Non-surgical patients with esophageal cancer, concurrent chemotherapy is currently the standard treatment [10] DDP + 5-FU is still considered the standard chemotherapy [11]. Treatment of esophageal cancer drugs in recent years is the most widely used in clinical applications purple shirt class of drugs. paclitaxel is a cycle specific broad-spectrum anti-cancer drugs, and radiosensitizer role. generally believed that paclitaxel radiosensitization concentration of 10 ~ 100 nmol / L, paclitaxel tumor cells 12 ~ 24 h after the delay radiation therapy increased sensitization relatively large, therefore the extension of low concentrations of paclitaxel the continuing role of time, can achieve therapeutic purposes and reduce treatment related toxic Vice reaction. Wu Ling-British [12] study of paclitaxel weekly therapy program in the treatment of ovarian cancer than advantage of monthly therapy slightly lower toxicity of strength. pharmacological effects of docetaxel than paclitaxel, and anti-tumor activity of paclitaxel 1.3 to 12 times, cardiovascular toxicity than paclitaxel [13] The study found that the intensity modulated radiation therapy be weekly dose of docetaxel plus cisplatin chemotherapy in gastrointestinal reactions gastrointestinal reactions decreased significantly over the past month program of paclitaxel and cisplatin, effective and reliable.

Intensity modulated radiation therapy synchronization docetaxel + cisplatin weeks in the treatment of esophageal cancer-term efficacy and better local control rate, but compared with three-dimensional conformal radiotherapy did not improve the local control, although the increase in toxicity but can tolerate, treatment plan evaluation application of the ICRU 83 document as soon as possible, the control target dose homogeneity in the region, to reduce IMRT acute injury. concurrent chemotherapy for adjuvant chemotherapy should continue to reduce the far turn, may improve the survival rate of esophageal cancer treatment.

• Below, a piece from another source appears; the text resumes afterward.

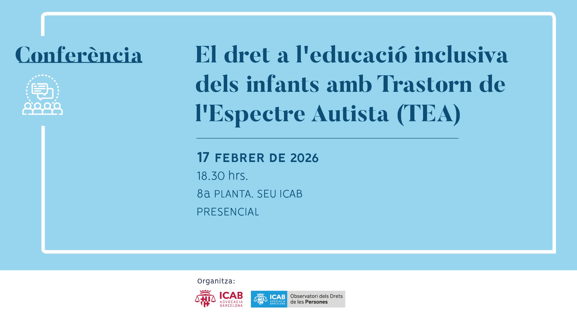 El pròxim 17 de febrer de 2026, a les 18.30 h, l’Il·lustre Col·legi de l’Advocacia de Barcelona (ICAB) acollirà la conferència ‘El dret a l’educació inclusiva dels infants amb Trastorn de l’Espectre Autista (TEA)’, una sessió organitzada per l’Observatori dels Drets de les Persones de l’ICAB. La trobada vol posar el focus en els reptes jurídics i socials que encara condicionen l’accés real a una educació inclusiva, així com en les mesures de suport necessàries per evitar situacions d’exclusió educativa.
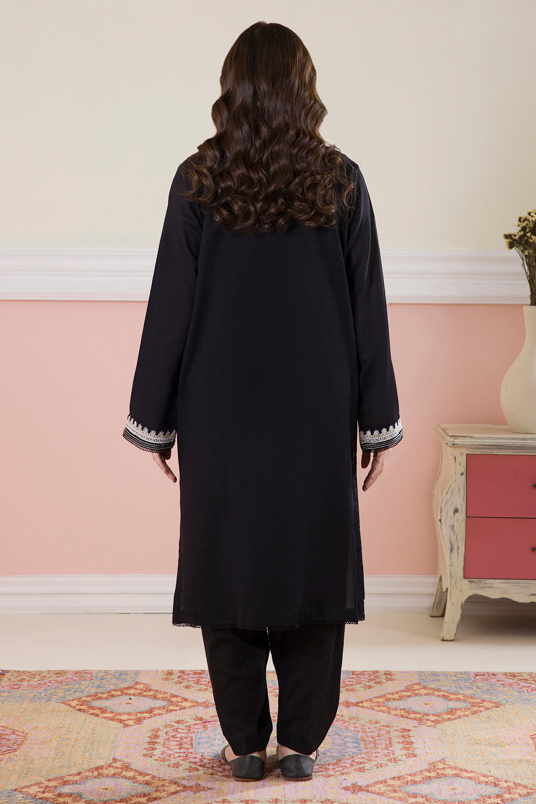 This elegant women's pret ensemble features a finely embroidered kurta paired with matching trousers, crafted from breathable lawn fabric. The black color adds a timeless sophistication, making it suitable for both casual and semi-formal occasions. Designed for comfort and style, this set offers a refined look with lightweight fabric ideal for warmer climates.

[1] Yin Weibo Valley Milling. Radiation Oncology. Version 4. Beijing: Peking Union Medical College on Press ,2007:558-560
[2] Zhu Weiguo, at long, the Korean economy, such as simple tune feasibility studies and short-term effect of the strong radiation therapy with concurrent chemotherapy for the treatment of cervical and upper thoracic esophageal analysis. Cancer ,2009,12:1265 -1269
[3] Wang Xiaoliang, Zhao Yunhui, Li Jiancheng, and so on. Clinical observation of the the esophageal beam IMRT. Cancer ,2009,6:608 is -611
[4] Wang Jun, HAN Chun, Li Xiaoning. Esophageal tone early efficacy analysis of radiation therapy. The cancer ,2009,11:1138 -1142
[5] Xiao Zefen Chapter congregation, Zhang Zhi. To assess conventional radiation therapy of esophageal tumor dose distribution using three-dimensional treatment planning system. Journal of Radiation Oncology, 2004,4: 273 - 277
[6] Fu Weihua, green Wang, Zhou Zongmei, etc.. Esophagus SIB-IMRT treatment planning comparison of Chinese Academy of Medical Sciences, 2003,3: 337-342
[7] Qiu Rong, Wang Jun, Wang Yuxiang, controlled clinical study of three-dimensional conformal and intensity-modulated radiotherapy treatment of esophageal cancer. Chinese Journal of Cancer Prevention, 2012,1: 68-71
[8] Wang Yuxiang, Wang Jun, Zhu Shu-chai, elderly esophageal dimensional conformal and intensity modulated radiotherapy compare Chinese Journal of Cancer Prevention, 2012,8: 1008-1013

[9] Wang Xiaoliang, Zhao Yunhui, Li Jiancheng, esophageal beam IMRT clinical efficacy observed Practical Journal of Cancer, 2009,6: 608-611

[10] Hamamoto Yasuo. Chemotherapy combined treatment of esophageal cancer. The Japanese medical describes ,2002,8:346-350
[11] Kok TC. C hemotherapy in oesophageal cancer. C ancer Treat Rev, 1997,2: 65 - 85
[12] Wu Lingying, Zhang Rong, Zhang Wenhua, et al. Paclitaxel plus platinum-weekly therapy with monthly therapy treatment prospective studies of epithelial ovarian cancer. Oncology ,2002,4:190-192
[13] Baozong Lin, Wu Yuling. Dorsey docetaxel plus cisplatin and 5 - fluorouracil pyrimidine Efficacy of treatment of advanced esophageal cancer. The Modern Medical ,2006,11:1668 -1669 Links to free papers Download Center http:/ / eng.hi138.com

[DBNETLIB][ConnectionOpen (Connect()).]SQL Server 不存在或拒绝访问。